The Clinton administration, picking a fight over an issue ripe with patriotic symbolism, on Tuesday announced the president’s opposition to a constitutional amendment prohibiting desecration of the American flag.
In the administration’s first public comments on the proposed amendment, Assistant Attorney General Walter Dellinger warned that such a measure, which is expected to be taken up by both the House and Senate in coming weeks, would “create legislative power of uncertain dimension to override the First Amendment and other constitutional guarantees.”
Congress, Dellinger told a Senate Judiciary committee hearing, should resist the temptation to conduct “a first-time edit of the Bill of Rights in the absence of any meaningful evidence that the flag is in danger of losing its symbolic value.”
A leader of the American Legion, which is pressing for the so-called flag-burning amendment, professed disappointment and confusion at what he suggested is a reversal by President Clinton. William Detweiler, national commander of the American Legion, said that an early meeting of leaders of veterans groups with then-Gov.
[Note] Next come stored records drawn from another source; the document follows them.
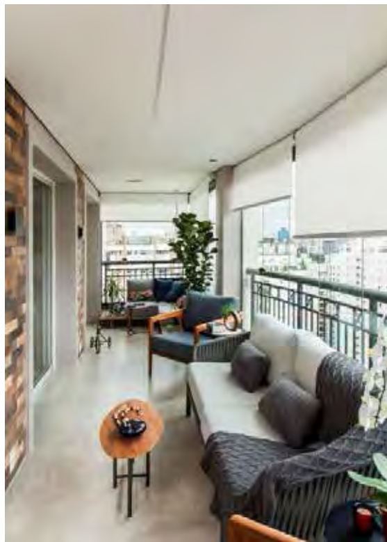
Reforma transformou varanda em living e buscou combinar elementos da estética com bem-estar | Projeto de Gigi Gorenstein
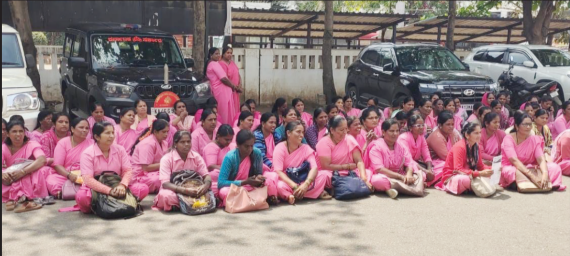
ಕನ್ನಡ ಪೋಸ್ಟ್ ನ್ಯೂಸ್ ನೆಟ್ವರ್ಕ್

ಹಾಸನ: ರಾಜ್ಯ ಸರ್ಕಾರ ಕೊಟ್ಟ ಮಾತಿಂತೆ ಆಶಾ ಕಾರ್ಯಕರ್ತರಿಗೆ ಕನಿಷ್ಠ 10 ಸಾವಿರ ರೂ. ಗೌರವದ ಸಂದರ್ಶನ ಜಾರಿಗೊಳಿಸಬೇಕೆಂದು ಆಗ್ರಹಿಸಿ ಶುಕ್ರವಾರ ಜಿಲ್ಲಾಧಿಕಾರಿ ಕಚೇರಿ ಎದುರು ರಾಜ್ಯ ಸಂಯುಕ್ತ ಆಶಾ ಕಾರ್ಯಕರ್ತೆಯರ ಸಂಘದಿಂದ ಪ್ರತಿಭಟನೆ ನಡೆಸಲಾಯಿತು. 2025 ರ ಜನವರಿ 7 ರಿಂದ 10 ರ ವರೆಗೆ ನಡೆದ ಅಹೋರಾತ್ರಿ ಧರಣಿ ಸಂದರ್ಭದಲ್ಲಿ ಹೋರಾಟಗಾರರ ಸಭೆ ನಡೆಸಿದ್ದ ಮುಖ್ಯಮಂತ್ರಿ ಸಿದ್ದರಾಮಯ್ಯ ಅವರು ಬೇಡಿಕೆ ಈಡೇರಿಕೆಗೆ ಸಮ್ಮತಿಸಿದ್ದರು. ಆದರೆ ಆ ವರ್ಷದ ಬಜೆಟ್‌ನಲ್ಲಿ ಯಾವ ನಿರ್ಧಾರವನ್ನು ಪ್ರಕಟಿಸಲಿಲ್ಲ. ಚುನಾವಣೆ ಪ್ರಕಾಶಕೆಯಲ್ಲಿ ಆಶಾ ಕಾರ್ಯಕರ್ತೆಯರ ಗೌರವ ಧನವನ್ನು 5 ರಿಂದ 8 ಸಾವಿರ ರೂ.ಗೆ ಹೆಚ್ಚಿಸುವ ಭರವಸೆ ನೀಡಲಾಗಿತ್ತು ಆದರೆ ಇದುವರೆಗೆ ಈಡೇರಿಲ್ಲ ಎಂದು ಆರೋಪಿಸಿದರು. ಇಲ್ಲಿನಲ್ಲಿ ನೆನಪಿಟ್ಟುಕೊಳ್ಳಿ ಆಶಾ ಕಾರ್ಯಕರ್ತೆಯರನ್ನು ಕೆಲಸದಿಂದ ತೆಗೆದು ಹಾಕುವ ಅಪವಿಜ್ಞಾನಿಕ ನಿರ್ಧಾರಕ್ಕೆ ಸರ್ಕಾರ ಮುಂದಾಗಿದೆ. ಕೆಲಸದಿಂದ ಕೆಲವು ಆಶಾಕಾರ್ಯಕರ್ತೆಯರನ್ನು ಗೃಹಾಂತರಿಸಿ ಕೆಲಸ ಕೊಡಿಸುವ ಭರವಸೆ ನೀಡಲಾಗಿತ್ತು ಆದರೆ ಸರ್ಕಾರ ಯಾವುದೇ ಕ್ರಮ ಕೈಗೊಂಡಿಲ್ಲ. ಪ್ರತಿ ಹಂತದಲ್ಲೂ ಆಶಾ ಕಾರ್ಯಕರ್ತೆಯರನ್ನು ಸರ್ಕಾರ ಕಡೆಗಣಿಸುತ್ತಲೇ ಬಂದಿದೆ ಎಂದು ಆಕ್ರೋಶ ವ್ಯಕ್ತಪಡಿಸಿದರು.
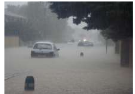
Inondations Baillargues 20 oct. 2008

Les caractéristiques méditerranéennes confèrent au bassin versant un fort caractère inondable. Le territoire doit se doter des moyens nécessaires pour mettre en œuvre les solutions permettant de protéger la population et leurs biens tout en favorisant le bon fonctionnement des milieux aquatiques.
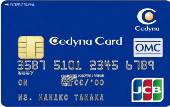
【セディナカードファースト】
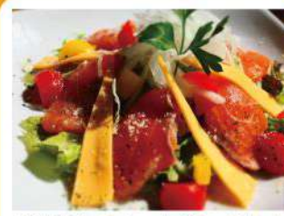
自家製スモークサーモンと チーズのサラダ ¥990
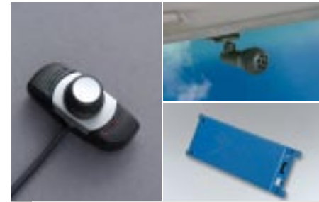
59 Bluetooth hands free SEDEYA6001 E Johdoton, kokonaan äänellä hallittu.
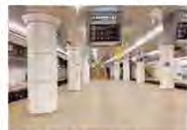
名鉄名古屋駅 現在のホーム
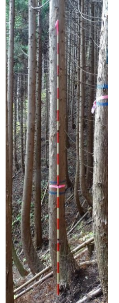
指定番号 特定1 -29 名称 スギ東育2-387 樹種 スギ 所有者 林木育種センター-東北育種場
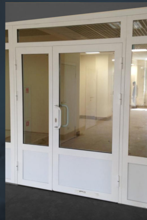
Самара Областной перинатальный центр
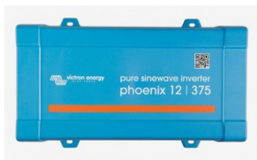
Inversor Phoenix VE.Direct
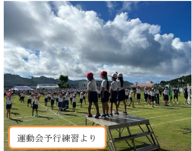
運動会予行練習より

10月1日は、第56回小中高連合運動会です。記録を遡ると、令和元年度は従来の連合運動会を実施していました。令和2年度は新型コロナウイルス感染症対策のため連合運動会を行わず、小学校は「体育発表会」を行いました。令和3年度は感染症対策のため規模を縮小し、連合運動会を実施。令和4年度は感染症対策と改築工事が進む中での運動会になりました。令和5年度も昨年同様の規模で実施します。この先、校庭に仮校舎が設置される関係で、この芝生の校庭で小中高連合運動会ができるのもあとわずかとなりそうです。小学生、中学生、高校生が小中学校の校庭に集まるので「島っ子」の成長して
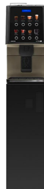
Kit peana Preparada para para validador de monedas. (850 mm.)

Para servicio de café en tiendas de conveniencia también es la solución perfecta y para los hoteles, donde el desayuno debe ser bueno, pero igualmente rápido, ofrece una experiencia agradable, con un diseño atractivo, sencillo y funcional.
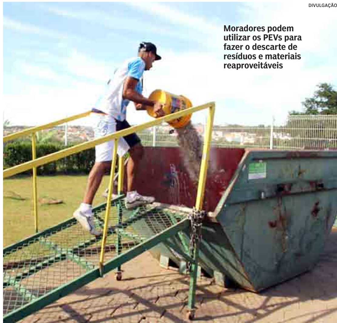
Moradores podem utilizar os PEVs para fazer o descarte de resíduos e materiais reaproveitáveis

Os PEVs são unidades equipadas com caçambas nas quais os moradores podem fazer o descarte correto e separado por tipo de material, que são os seguintes: material reciclável doméstico (como, por exemplo, garrafas PET e plástico), material reciclável ferroso (latas de bebidas, alimentos e de tinta, entre outros), material reciclável de construção civil e material reciclável de madeira e volu-
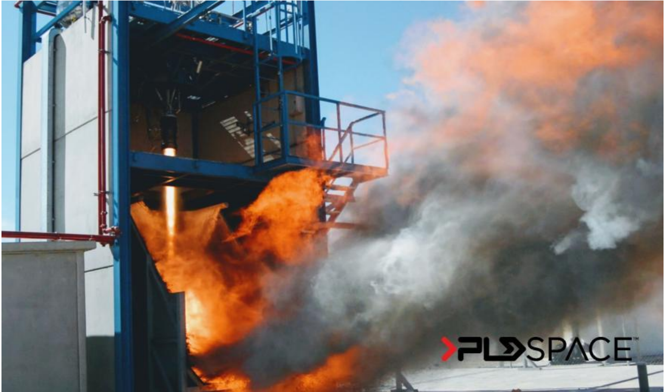
Imagen 1. Prueba de motor en el banco de ensayos T1
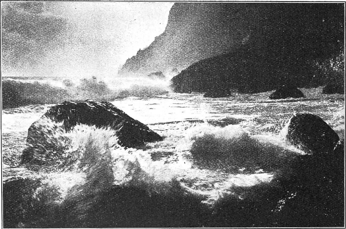
Meeresbrandung auf Capri (Italien).
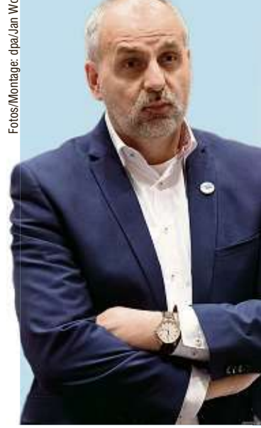
Versagt: Das Energie- und Klimaprogramm hätte die Staatsregierung längst vorlegen müssen - sagt die Opposition.
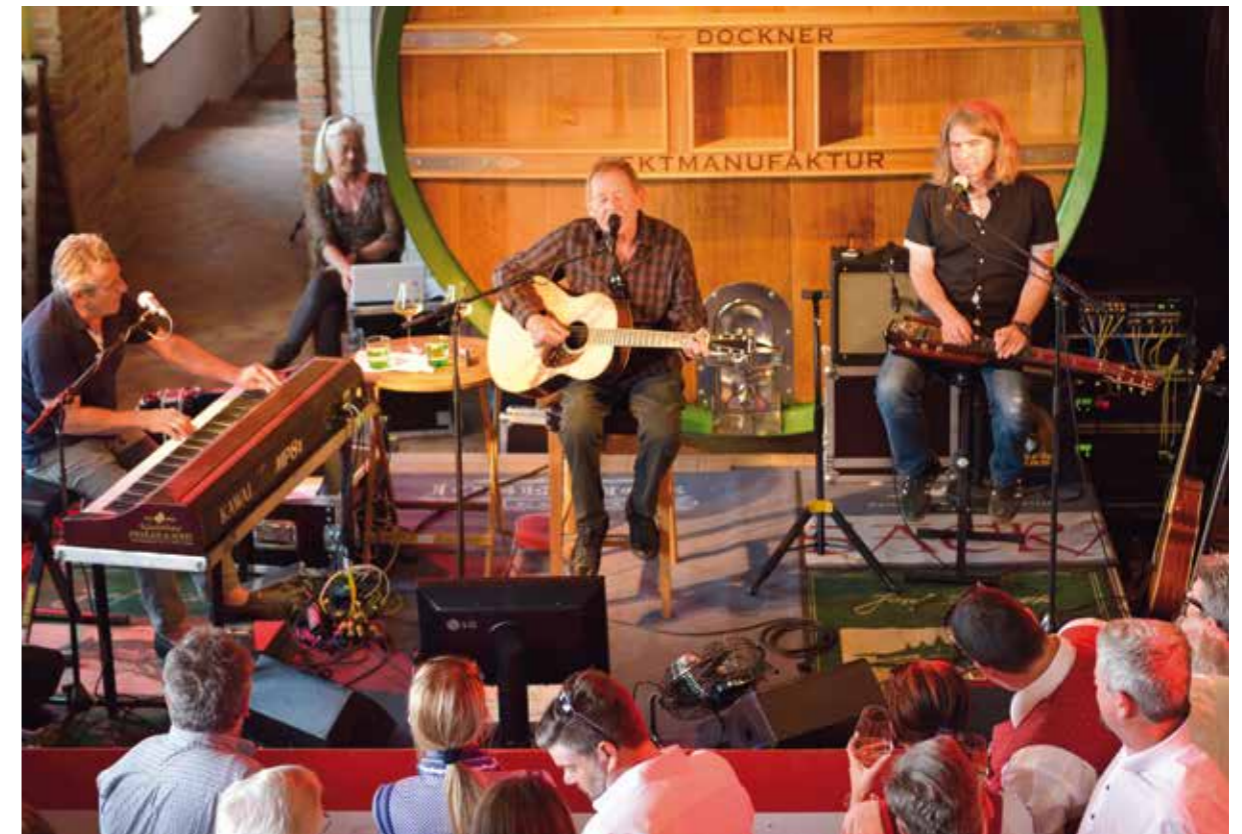
Die Besetzung von Ambros Pur
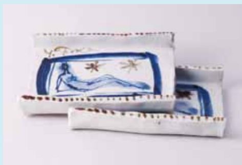
《白磁に呉須絵の皿》陶芸 1970年代 13.4×19.6cm
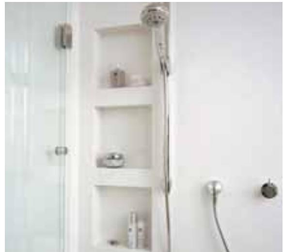
PAROIS DE DOUCHE INTÉGRALES AVEC ÉTAGÈRES INCORPORÉES. DESIGN CHARLES ZÄCH.
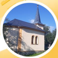
Kaple sv. J. Nepomuckého

Bill Clinton had left all involved “firmly convinced” that Clinton would support a constitutional amendment on flag-desecration.
A House subcommittee already has drafted the constitutional amendment.
After expected approval by the full Judiciary Committee today, the House is slated to act on the measure on Flag Day, June 14. Advocates have gathered commitments in the House just short of the 290 votes needed for passage.
But while Clinton’s voice is certain to be an important one in the debate, the president has no direct power to thwart the measure: If passed by two-thirds majorities in the House and Senate, the proposed constitutional amendment - the third Congress has under consideration this year - would go directly to the states for ratification.